It seems unfashionable to back Ed Miliband. True, he may not be the best in front of the camera, he does bear an uncanny resemblance to one of my favourite childhood characters (Wallace from Wallace and Gromit) and he doesn’t look great when eating a bacon sandwich (who does?). But with the General Election, and the choice over what kind of country we want to live in, arriving next May, it’s time to put the superficial stuff aside and get serious. It’s time to come clean about the real Ed Miliband: a visionary leader with the bold ideas to make the country work for the many.
The thing about Ed Miliband is that he understands the big problem facing our country: that while a few at the top of society have soared ahead in terms of income and wealth, the majority of people have seen their living standards squeezed. Wages have stagnated, while living costs (rent, energy bills, housing costs and food costs) have gone up. According to research carried out by the Centre for Poverty and Social Exclusion (PSE), over 50% of Britons are considered financially insecure, struggling to make their monthly payments without going into debt. The number of people forced to rely on payday lenders (like Wonga) to pay bills and on food banks to eat has run into the millions. Miliband isn’t just the only leader who has continually pointed this out, but the only leader who has devoted time and energy on finding solutions.
A quick look at his speeches shows a clear plan of action. Firstly, to raise the value of the National Minimum Wage and award tax cuts to companies that start paying the Living Wage (about £7.50 outside of London). This is urgently needed as the minimum wage has fallen in real value since it was introduced in 1998 and 1 in 5 people working in the UK are in poverty. This isn’t just about fairness or reducing the benefits bill, but about smart economics. Just ask Nick Hanauer, self-proclaimed ‘zillionaire’ and founder of Amazon. He has called for a $15 minimum wage in the US, as he claims increasing the wages of the lowest paid will mean his customers have more money to spend on his products. Think he’s delusional? Just take the example of San Francisco and Seattle: two cities with the highest minimum wage in the US, which also happen to have the country’s strongest and most prosperous small business base.
It’s not just about the lowest paid. Many will be aware that executive pay of the big FTSE 500 companies has soared out of control in recent years. A conservative estimate puts chief executive pay at 350 times that of the average worker. Miliband knows that ensuring that there is a workers’ representative on the pay board of each company, like in Germany, is a good way to tackle this. So too is having employees own a stake in the companies they work for, like they do at John Lewis or The Cooperative, which allows them to share in the rewards when profits go up and get a big say in where savings are made when profits go down.
It’s also about housing. An acute housing shortage has meant that over 4 million people languish on social housing waiting lists, whilst rent bills and house prices spiral. Affording a home has become a distant dream for many. Miliband’s plan to build 200,000 homes a year by 2015 is the only way to address this shortage, while banning letting agents from charging extra fees and preventing landlords from introducing unexpected rent rises would protect the millions now renting privately.

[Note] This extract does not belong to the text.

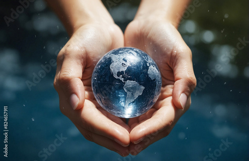 Sustainability Symbol - Hand-Held Glass Globe Signifying Energy Savings
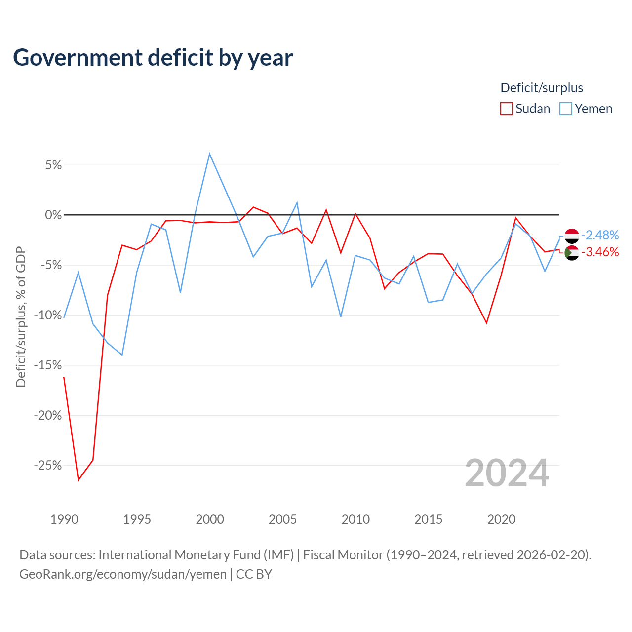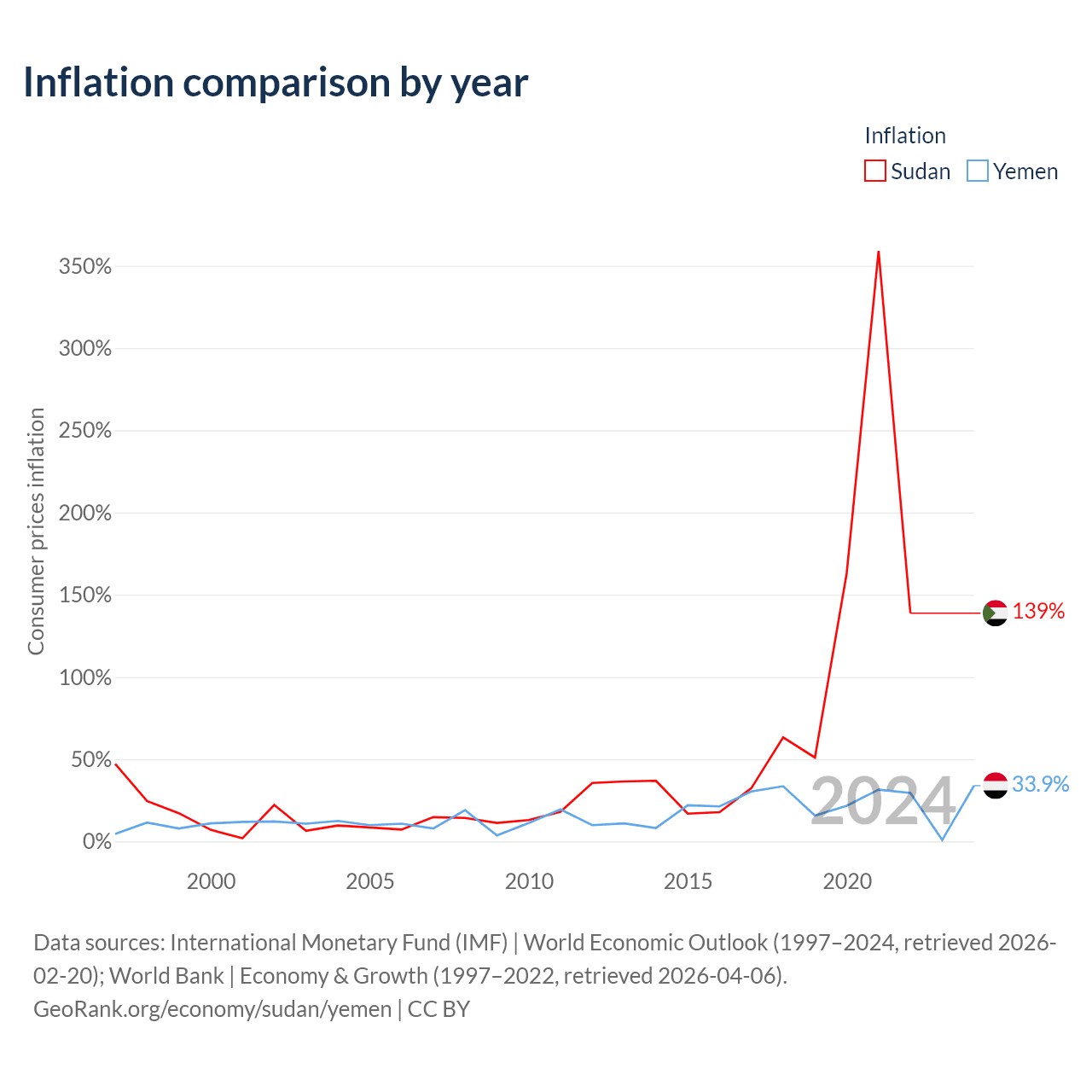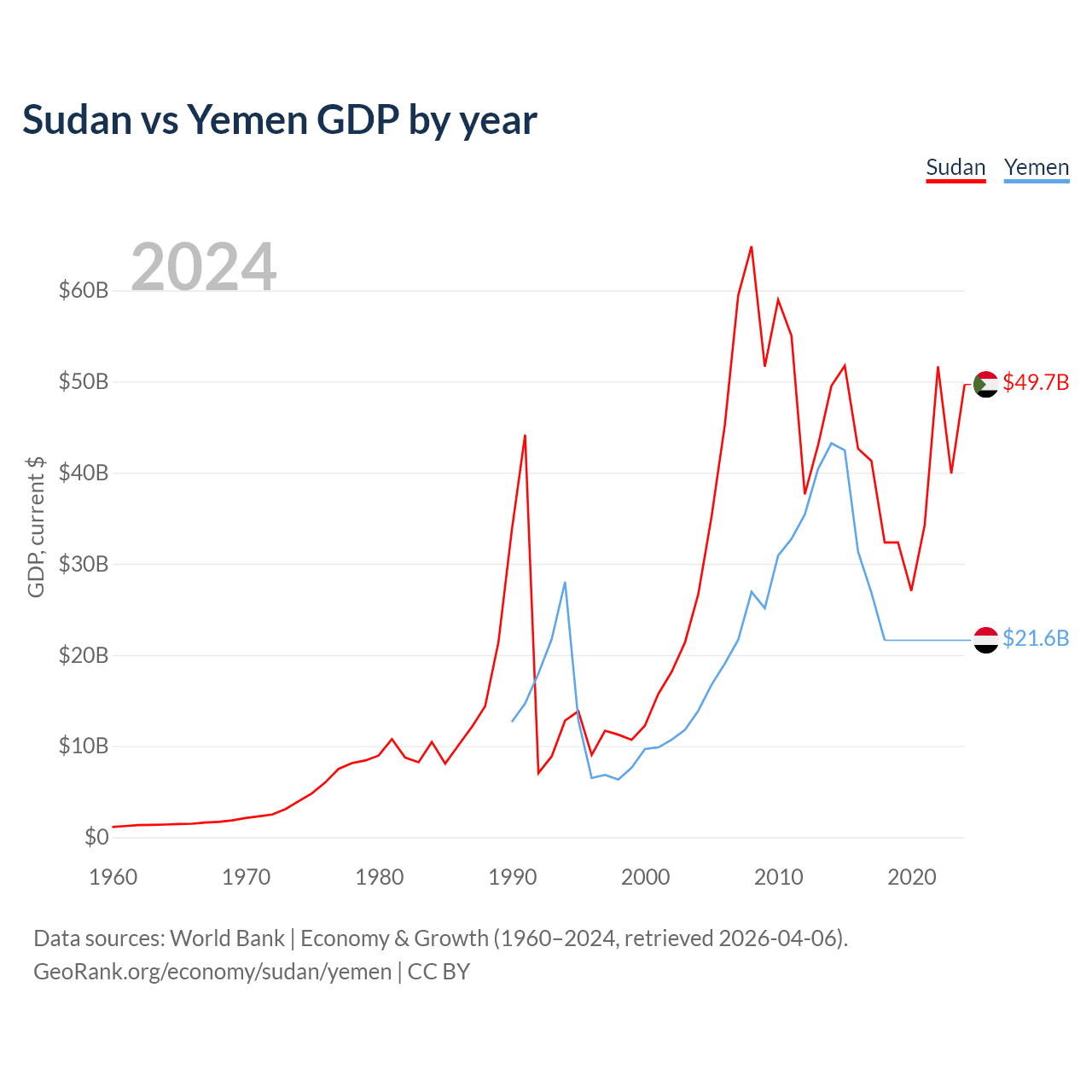 Sudan has a GDP of $49.7B compared to $21.6B for Yemen, ranking 94/197 and 125/197 by economy size, respectively.

Don’t be fooled by accusations that Miliband is anti-business. He may well denounce big monopolies – like the energy companies, rail companies and banks – when they are not serving the public interest. Yet tackling these goliaths actually helps small and medium-sized businesses (SMEs) which struggle with high energy and transport bills. Further help is promised in the shape of tax cuts for SMEs paid for in part by a tax rise on the largest companies. But the best news for business is that Miliband will follow the German example and create a network of local banks that will provide long-term finance to entrepreneurs, businesses and infrastructure projects in all parts of the U.K.
Backing a politician doesn’t mean you agree with everything they say – far from it. But it is vital when a General Election is drawing near and important messages are being overlooked. Put simply, the more we talk about the trivial stuff (like who looks best eating a bacon sandwich) the more we let down the people struggling with debt payments, low and stagnant wages, rising energy, rent and food bills, the rising cost of buying a house, rising rail fares, and the bedroom tax.
Ed Miliband may not have the charisma of Barack Obama, but they share the same message: that prosperity comes from the middle-out and bottom-up, rather than the top-down. He is someone with the vision, bravery and bold ideas to tackle the big problems facing our country, to make it work for the majority of people. That’s why I’m backing him and why I think you should too.